Main

Treatment paradigms for small-volume, low-grade prostate cancer (PCa) are currently moving away from radical treatments. The recent controversial US preventative task force report (Lin et al, 2011) giving PSA screening a ‘D’ rating, prompted by the results from the PLCO and ERSP trials, has highlighted the issues associated with overdiagnosis and overtreatment of PCa. In follow-up of over 3,500 patients across seven active surveillance (AS) case series, the cancer-specific survival for the cohort is 99.7% (Cooperberg et al, 2011), though median follow-up remains relatively short (2–7 years). Active surveillance has emerged as a viable management option and should be offered to patients with low-risk cancer (National Institute for Health and Clinical Excellence, 2008; National Institute of Health, 2011).

There are many different inclusion criteria for AS published in the literature. While all are variations on the model developed by Epstein et al (1994), the discrepancies between them reflect the uncertainty in appropriate cutoffs to distinguish indolent from high-risk cancer. In addition, regional differences in the underlying prevalence of PSA testing in the community alters the pre-test probability for high-risk disease (Moore et al, 2009) in defined ‘low-risk’ cohorts, which potentially interferes with the performance of selection rules when applied to populations distinct from which they were generated.

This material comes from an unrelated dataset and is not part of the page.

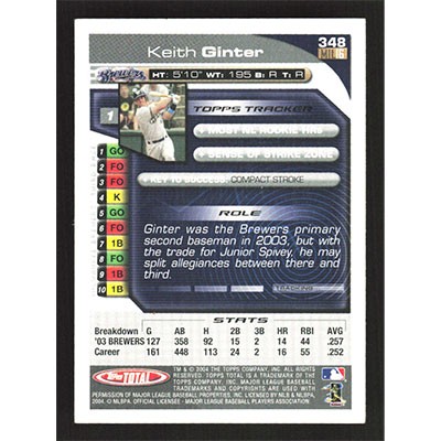 This is a 2004 Topps Total Silver Keith Ginter baseball card. The card is #348 and pictures show condition.

In our study, we examine application of AS selection rules to a combined Australian, British and Canadian group of patients who underwent radical prostatectomy (RP). Our primary objective was to document the proportion of pathological reclassification from prostate biopsy to RP. Secondary aims included analysis for predictors of high-risk disease and creation of a predictive model to assist with selection of men suitable for AS.

Materials and Methods

Pooled prospectively collected data from Addenbrooke’s Hospital, Cambridge, United Kingdom (2005–2010); The Vancouver Prostate Centre, Canada (1995–2010); and the Australian Prostate Cancer Centre at Epworth, Melbourne, Australia (2003–2010) were retrospectively analysed. All patients had their RP specimens discussed at centralised multidisciplinary meetings and evaluated by dedicated genitourinary pathologists. Cambridge and Vancouver had routine centralised review of biopsies. Ethics approval in all three centres covers the use of collected clinical information for prognostic studies.

A summary of the literature review for published inclusion criteria used for AS is shown in Table 1 (Hardie et al, 2005; Warlick et al, 2006; Dall’Era et al, 2008; Klotz et al, 2009; van den Bergh et al, 2009; Soloway et al, 2010; Adamy et al, 2011). In selecting which AS criteria to apply to our series, we used the University of Toronto criteria, described by Klotz et al (2009), from the first protocol-based AS prospective study and those published from the Prostate Cancer Research International: Active Surveillance (PRIAS) originating from the ERSPC (van den Bergh et al, 2007). Our cohort did not contain data for the amount of cancer present in a biopsy core (length or percentage) as only Cambridge consistently recorded this in their database so the PRIAS criteria were the strictest applicable to our data set.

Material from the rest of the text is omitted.